Un algorithme remis en cause

« L'intégration du Dual Elliptic Curve Deterministic Random Bit Generator dans le logiciel de RSA a également permis à la NSA de convaincre le National Institute for Standards and Technology (NIST) et de pousser l'institut à valider la méthode pour générer des nombres aléatoires dans les logiciels de cryptage », fait encore remarquer Reuters. Mais l'efficacité du Dual EC DRBG a été mise en cause même après l'annonce publique du contrat BSafe passé en 2006 avec l'agence, et les critiques contre ce choix technologique ont perduré pendant des années. Dans un article intitulé « Cryptoanalyse du Dual Elliptic Curve Deterministic Random Bit Generator », publié en mai 2006 par l'Université de technologie d'Eindhoven, les auteurs Berry Schoenmakers et Andrey Sidorenko écrivaient que « nos travaux expérimentaux et empiriques montrent que le Dual EC DRBG n'est pas fiable ».

En septembre dernier, après la publication d'articles faisant état des pressions de la NSA pour affaiblir les normes de sécurité, le NIST a publié un avis recommandant de ne pas utiliser le Dual EC DRBG, et RSA lui a emboîté le pas. « Suite à la décision du NIST qui recommande fortement de ne pas utiliser l'algorithme de chiffrement connu sous le nom de Dual EC DRBG, RSA a estimé qu'il convenait d'émettre un avis consultatif à tous ses clients BSafe et Data Protection Manager. La société leur recommande d'opter pour un autre générateur cryptographique de nombres pseudo-aléatoires (PRNG) intégrés dans la boîte à outils BSafe », a déclaré RSA dans son avis.

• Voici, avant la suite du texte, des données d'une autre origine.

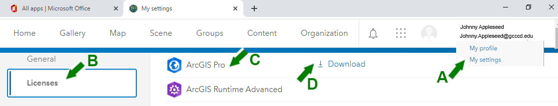 学生可以通过登录他们的@gcccd.edu SSO帐户访问ArcGIS Online: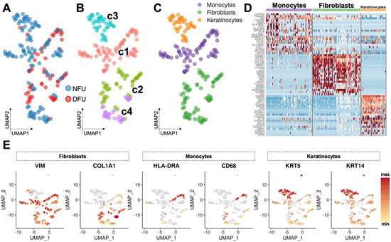 Re-clustering of initial fibroblast clusters demonstrate four provisional subclusters. (A,B) Recursive re-clustering reveals four provisional subclusters (c1–c4) which further identify as (C) fibroblasts, monocytes, or keratinocytes. (D) Heatmap demonstrating top differential genes between these newly refined cell annotations. (E) Manual evaluation of key cell type markers.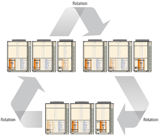 Compressors are set to start operating in rotational order to equalize the cumulative running time of each unit.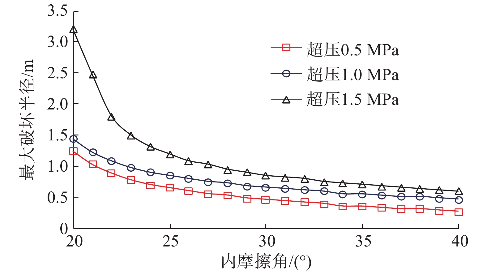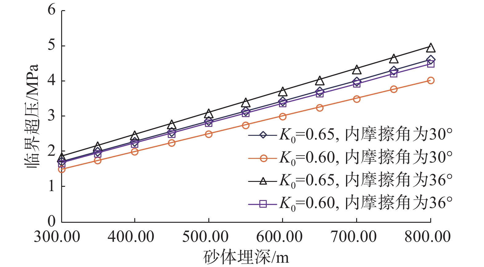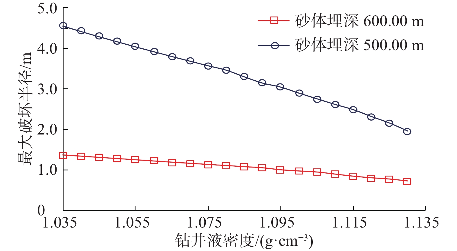 K0 ), and the greater the burial depth of sand body, and the less likely the shallow water flow formation is to be damaged; the larger the internal friction angle in the sand body, the more stable the sand body. Likewise, the smaller the internal friction angle, the more significant impact will be. The maximum damage radius around wellbore linearly decreases with the increase of drilling fluid density. There is a relations between critical overpressure found in the shallow water flow. The larger the burial depth, strength and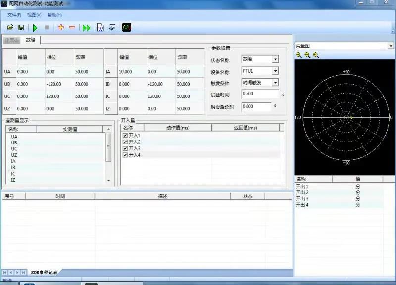 在不停電的狀態(tài)下,通過(guò)FA虛擬終端軟件虛擬一臺(tái)終端,并接入主站的前置交換機(jī),利用軟件模擬故障功能觸發(fā)事故信號(hào)、變電站出線開(kāi)關(guān)分閘信號(hào),以啟動(dòng)配電網(wǎng)自動(dòng)化系統(tǒng)饋線自動(dòng)化功能。

Dans un courriel publié par Ars Technica, Sam Curry, le CTO de RSA, a publiquement défendu et expliqué pourquoi l'entreprise de sécurité avait opté pour le Dual EC DRBG. Mais des experts en chiffrement qui ont passé au crible ses arguments les ont jugé peu crédibles. Sam Curry a déclaré entre autres que « la norme Dual EC DRBG avait été validée et acceptée publiquement ». Sauf que « tous ceux qui se sont penchés sur la norme ont dit la même chose : cette norme a des trous. Il faut la fuir ! » a déclaré Matt Green, cryptographe et professeur-chercheur à l'Université Johns Hopkins, qui a examiné point par point les arguments de Sam Curry.